Pertanto, perche’ l’imputato, nel processo penale, possa essere condannato al risarcimento del danno consistente nel tributo evaso, anche mediante una condanna generica che pero’ affermi l’esistenza del danno-conseguenza (l’an) e sia quindi suscettibile di vincolare il giudice civile sul punto, e’ necessario che l’amministrazione costituitasi parte civile fornisca la concreta, puntuale e specifica prova che tale danno si sia effettivamente verificato, ossia che in conseguenza del reato l’amministrazione stessa non abbia piu’ la possibilita’ di recuperare, nemmeno coattivamente, il credito erariale dal contribuente.
Qualora nel giudizio penale l’amministrazione non abbia invece fornito questa specifica prova, il giudice penale potra’ sempre applicare il principio, dianzi ricordato, secondo cui, ai sensi dell’articolo 539 c.p.p., comma 1, la condanna generica al risarcimento del danno non esige una indagine sulla concreta esistenza di un danno risarcibile, essendo sufficiente, a tal fine, l’accertamento del fatto-reato (c.d. danno evento) potenzialmente produttivo di conseguenze dannose, con la precisazione, pero’, che, ai sensi dell’articolo 651 c.p.p., tale statuizione non ha normalmente efficacia di giudicato in ordine alle conseguenze economiche del fatto illecito commesso dall’imputato. Ed invero, la commissione di un reato tributario costituisce un fatto potenzialmente produttivo di conseguenze dannose per l’amministrazione finanziaria, essendo appunto possibile che in conseguenza del reato l’amministrazione stessa non sia piu’ in grado di recuperare, nemmeno coattivamente, il tributo. Il che e’ sufficiente per l’accertamento del danno-evento e del nesso di causalita’ in astratto e per l’emissione da parte del giudice penale – qualora vi sia una domanda in tal senso della parte civile – di una condanna generica al risarcimento del danno, condanna che pero’, ai sensi dell’articolo 651 c.p.p., non ha efficacia di giudicato nel processo civile, nel quale pertanto l’amministrazione, per ottenere la condanna dell’autore del reato al risarcimento di una somma corrispondente al tributo evaso, dovra’ appunto provare che in conseguenza del reato stesso, e’ venuta meno la possibilita’ di riscuotere il tributo dal contribuente.

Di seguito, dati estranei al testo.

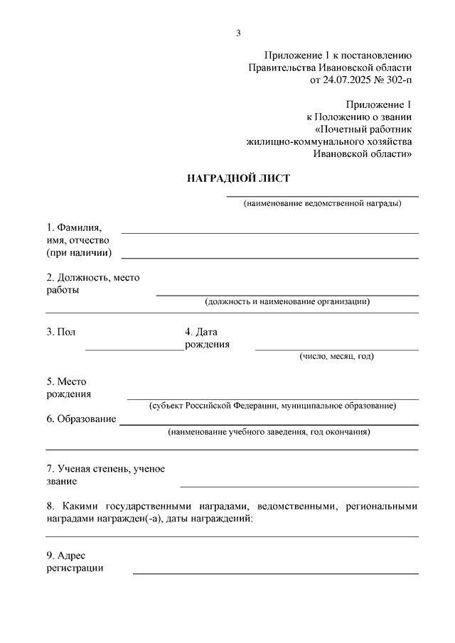 Постановление Правительства Ивановской области от 24.07.2025 N 302-п "О внесении изменений в постановление Правительства Ивановской области от 30.11.2010 N 430-п "Об учреждении звания "Почетный работник жилищно-коммунального хозяйства Ивановской области"

Nel caso in esame, la parte civile ricorrente Agenzia delle entrate non ha fornito alcuna prova, ed anzi nemmeno ha allegato, che il reato avesse reso impossibile recuperare direttamente dal contribuente il tributo evaso. Non sussistevano quindi le condizioni per l’emissione di una sentenza di condanna specifica dell’imputato al risarcimento di una somma corrispondente al tributo dovuto dal contribuente (come aveva chiesto l’Avvocatura ricorrente) e nemmeno di una sentenza di condanna generica che pero’ affermasse la sussistenza del danno-conseguenza (l’an) demandando al giudice civile la liquidazione del quantum.
Poiche’ pero’ era in astratto possibile che l’amministrazione in sede civile fornisse la prova che si era verificata, come conseguenza del reato, l’impossibilita’ di recuperare il tributo dal contribuente e che quindi aveva subito un concreto danno patrimoniale a causa del reato, il giudice penale, accertata la potenzialita’ dannosa del reato e la presenza in astratto del nesso eziologico, avrebbe potuto – se richiesto – emettere una sentenza di condanna generica che si limitasse ad accertare il danno-evento, come tale non vincolante per il giudice civile.
15. In conclusione, in accoglimento dei ricorsi dell’imputato e della parte civile, la sentenza impugnata deve essere annullata con rinvio per nuovo esame ad altra sezione della corte d’appello di Trento, che si uniformera’ ai principi di diritto dianzi enunciati.
P.Q.M.
La Corte Suprema di Cassazione in accoglimento dei ricorsi dell’imputato e della parte civile, annulla la sentenza impugnata con rinvio ad altra sezione della corte d’appello di Trento.